I had finished a week of temporary duty at Stars and Stripes newspaper in Tokyo and was in the waiting room at Tachikawa airport when I heard my name being paged.
Puzzled, I went over to the counter to find out why. It turned out that I was being assigned as a courier guard. I was handed a pistol belt with a holster containing a M1911A1 .45 caliber pistol.
"Um," I said. "I haven't been checked out on this weapon." (I'd range fired M1 and M14 rifles, the M1 carbine and even a shotgun, but never a pistol.) The sergeant whipped out the pistol and did a zip-zap pretend round chambering and said "okay, now you've been checked out." Obviously I would have been worthless if there had been an emergency because I would have fumbled with the chambering and fiddled with the safety for more than enough seconds for disaster to happen.
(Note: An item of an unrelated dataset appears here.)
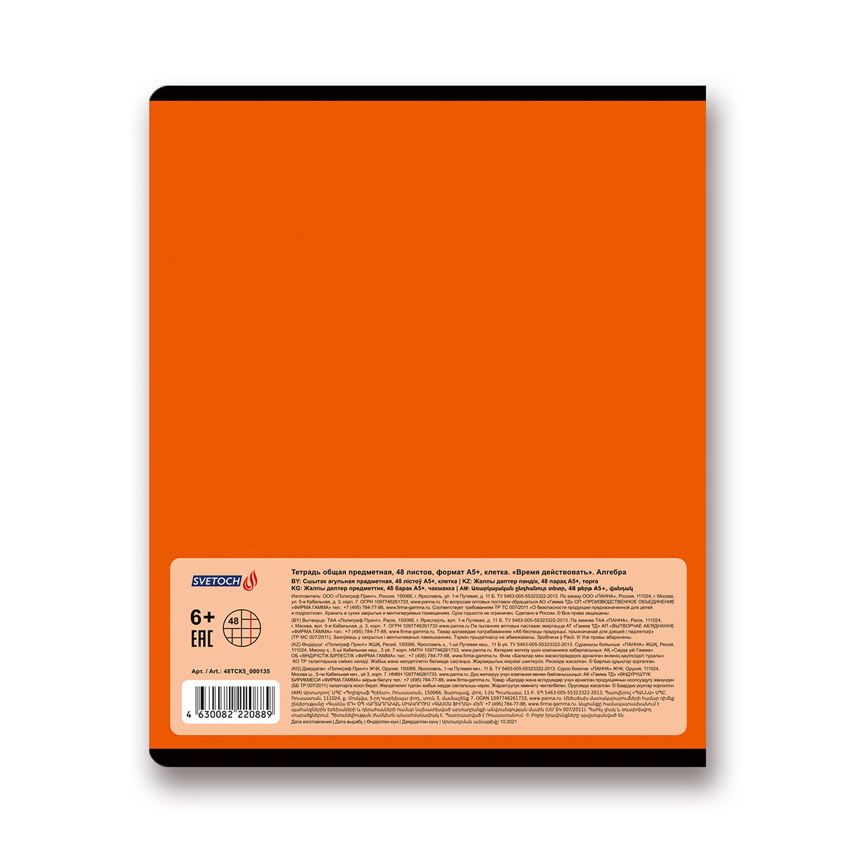 Светоч Тетрадь предметная Время действовать A5 48 л. на скобе 65 г/кв.м , белизна 100 % , клетка 48ТСК5_000135 Алгебра Фото 4.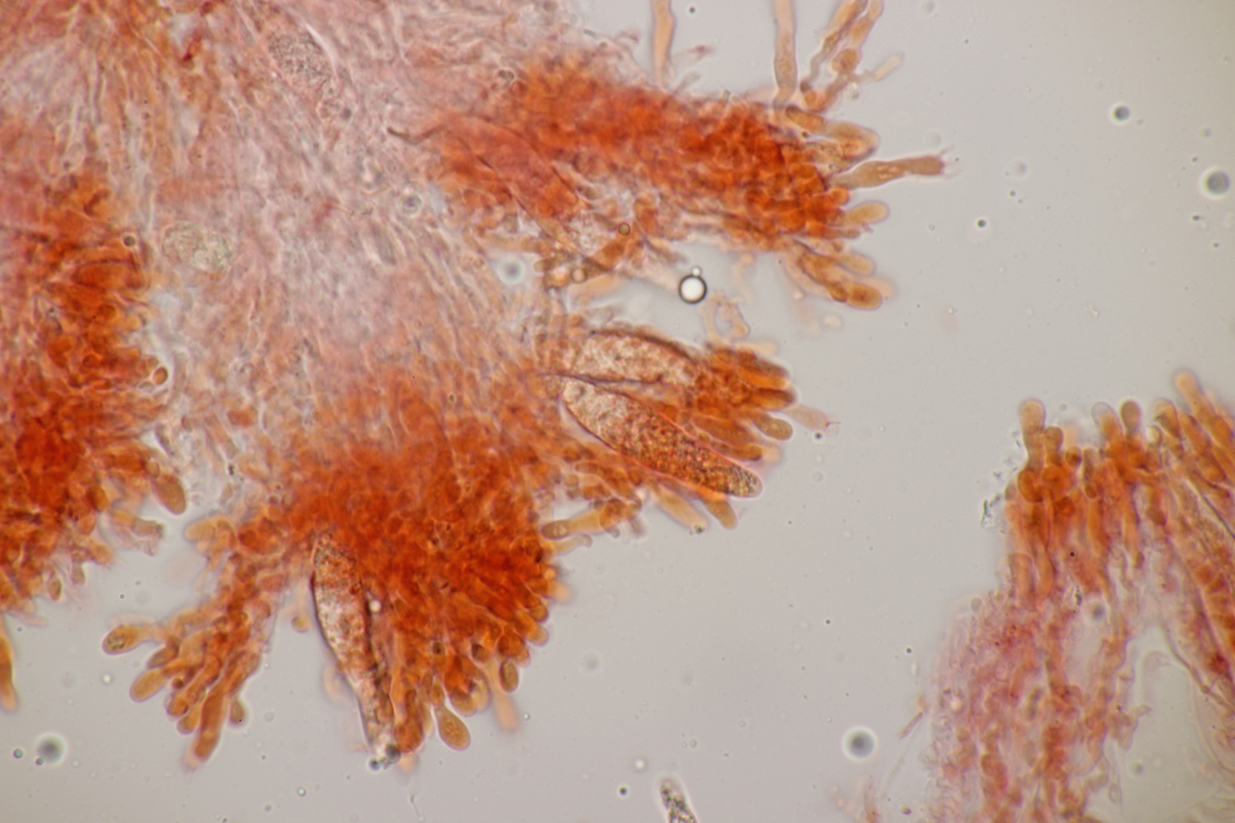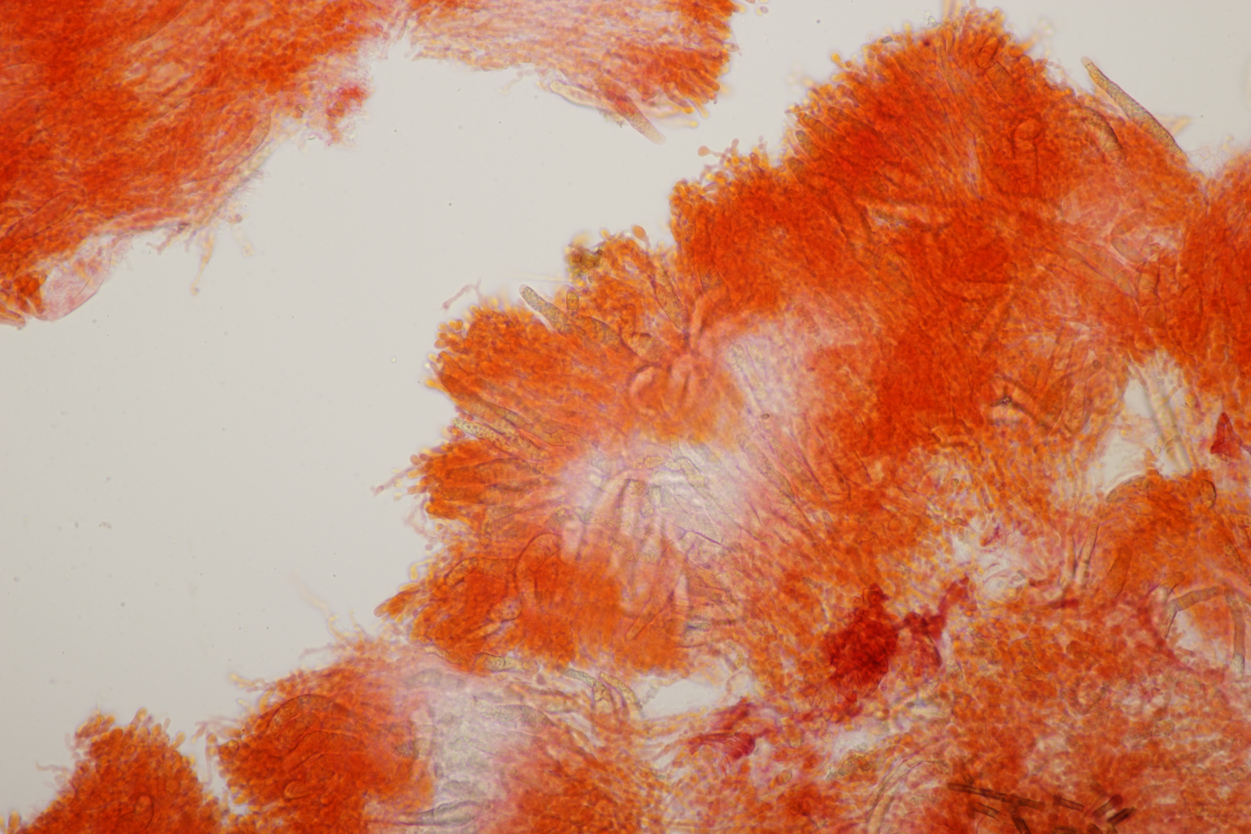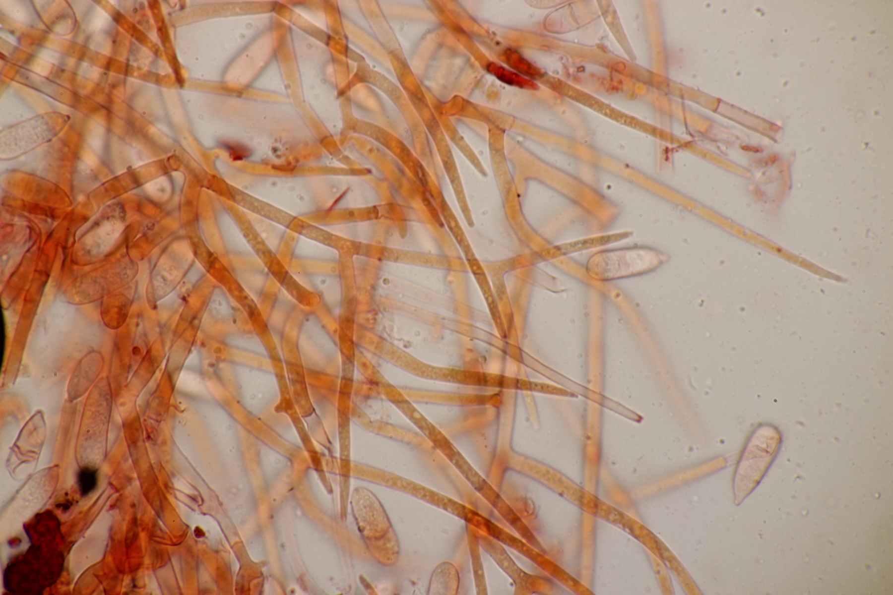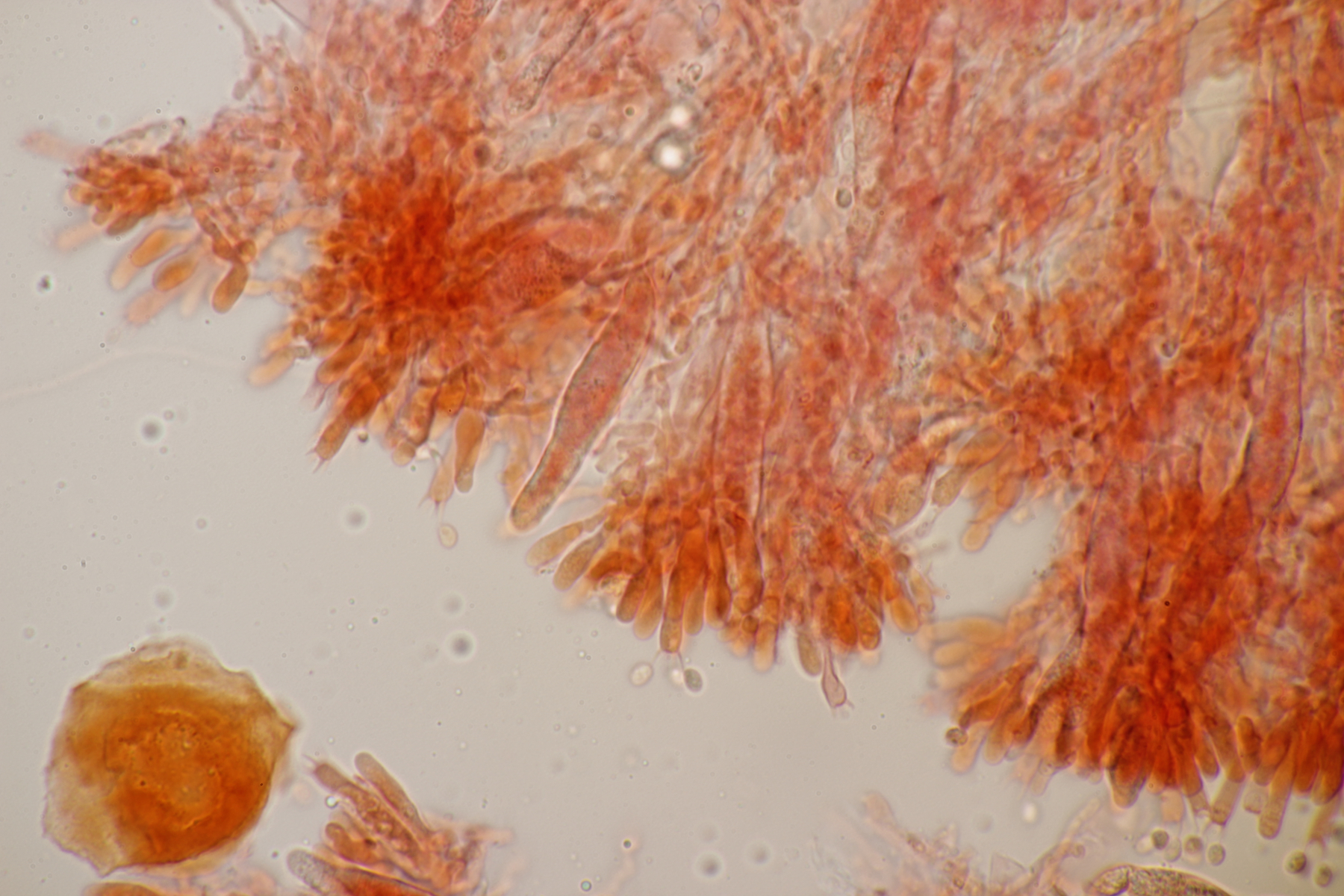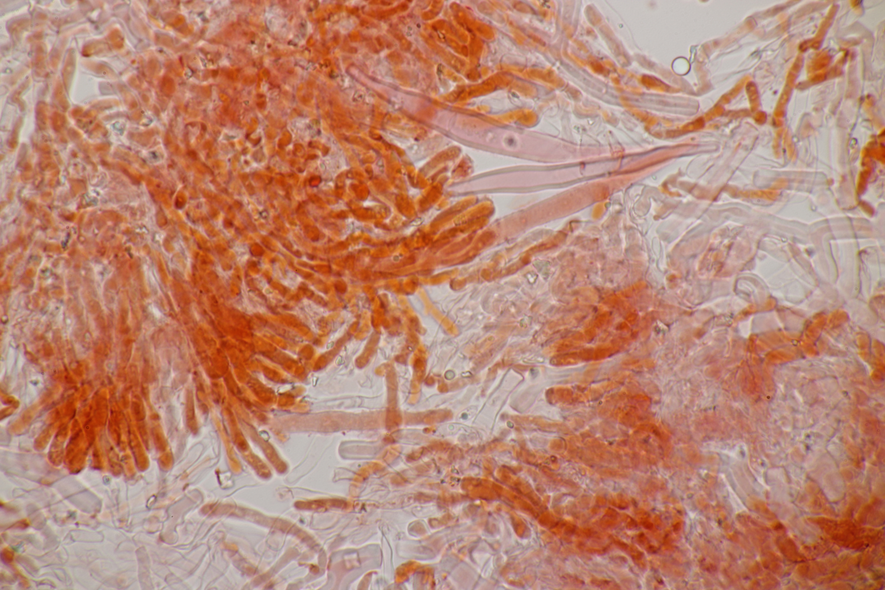 Dafür lohnt es sich, den fruchtkörper zu schneiden, um dei Verteilung der Gloeocystiden zu prüfen. Die Methode, mit ner Nadel etwas abzukratzen und dann zu quetschen, ist oft schneller, aber es lohnt sich m.E. immer, sich auch mal den genauen Aufbau und die Schichtung anzusehen. ;)

Nevertheless, I was now a courier guard.
I was guarding a Marine Corps major carrying a stuffed, brown leather briefcase handcuffed to his left wrist. He and I had priority seating in an Air Force C-121, the military version of the Lockheed Constellation airliner. All the passenger seats in that plane faced the rear. In the early 1960s it was demonstrated that this was a more survivable seating arrangement in a plane crash. So far as I know, no major airline complied with this idea, but obviously the Air Force did, on a few aircraft at least. Truth is, facing the rear just didn't feel right, and the scheme seems to have been largely abandoned.
The flight was uneventful, and the major and I got priority exiting the C-121 when we arrived at Kimpo airport near Seoul, Korea. I was happy to turn in the gun I didn't know how to use.